Donald Le Clair v. TX Board of Criminal Justice
This text of 475 F. App'x 943 (Donald Le Clair v. TX Board of Criminal Justice) is published on Counsel Stack Legal Research, covering Court of Appeals for the Fifth Circuit primary law. Counsel Stack provides free access to over 12 million legal documents including statutes, case law, regulations, and constitutions.
Opinion
Donald Le Clair, Texas prisoner # 403292, filed in the district court a complaint under 42 U.S.C. § 1983, against the Texas Board of Criminal Justice (TBCJ) alleging that the TBCJ unlawfully seized $300 from his prison trust account and was holding $525 by freezing his account, in violation of his right to due process. The district court granted the defendant’s motion to dismiss under Rule 12(b)(1) and (b)(6) of the Federal Rules of Civil Procedure and dismissed Le Clair’s complaint with prejudice, concluding that the TBCJ was a state agency immune to suit under § 1983.
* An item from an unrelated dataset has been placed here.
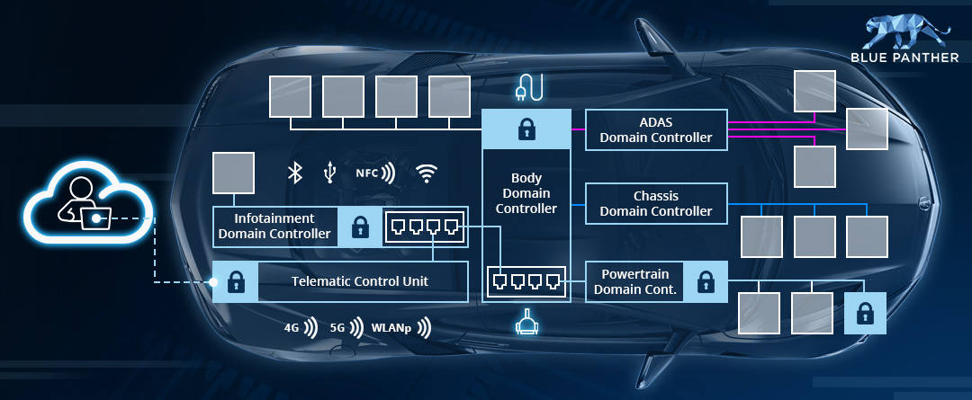 The design of the vehicle architecture in accordance with Defense in Depth & Security by Design principles forms a fortress and thus optimal protection against hacker attacks.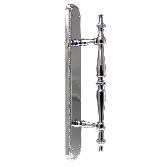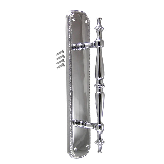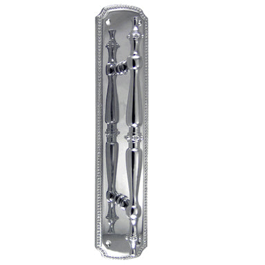 This beaded style pull & plate is finished in an attractive polished chrome. Measures 11 1/2 inches tall and 2 1/2 inches wide. Solid brass construction for decades of service. Comes complete with mounting hardware.

Le Clair contends that because the TBCJ’s conduct violated the Fourteenth Amendment, the TBCJ is not entitled to Eleventh Amendment immunity, and he argues that the TBCJ is a “person” susceptible to suit under § 1983 and is liable for its policies or customs. We review the judgment of dismissal de novo. Ballew v. Continental Airlines, Inc., 668 F.3d 777, 781 (5th Cir.2012); Turner v. Pleasant, 663 F.3d 770, 775 (5th Cir.2011).
The Supreme Court has recognized “only two circumstances in which an individual may sue a State. First, Congress may authorize such a suit in the exercise of its power to enforce the Fourteenth Amendment.... Second, a State may waive its sovereign immunity by consenting to suit.” College Sav. Bank v. Florida Prepaid Postsecondary Educ. Expense Bd., 527 U.S. 666, 670, 119 S.Ct. 2219, 144 L.Ed.2d 605 (1999). Neither exception applies here. Further, “an entity with Eleventh Amendment immunity is not a ‘person’ within the meaning of § 1983.” Howlett v. Rose, 496 U.S. 356, 365, 110 S.Ct. 2430, 110 L.Ed.2d 332 (1990). Thus, the district court did not err in dismissing Le Clair’s suit. The judgment of dismissal is affirmed.
Le Clair has moved for the appointment of counsel on appeal. Because his case does not present exceptional circumstances, the motion is denied. See Cooper v. Sheriff, Lubbock Cnty., Tex., 929 F.2d 1078, 1084 (5th Cir.1991).
AFFIRMED; MOTION DENIED.
Pursuant to 5th Cir. R. 47.5, the court has determined that this opinion should not be published and is not precedent except under the limited circumstances set forth in 5th Cir. R. 47.5.4.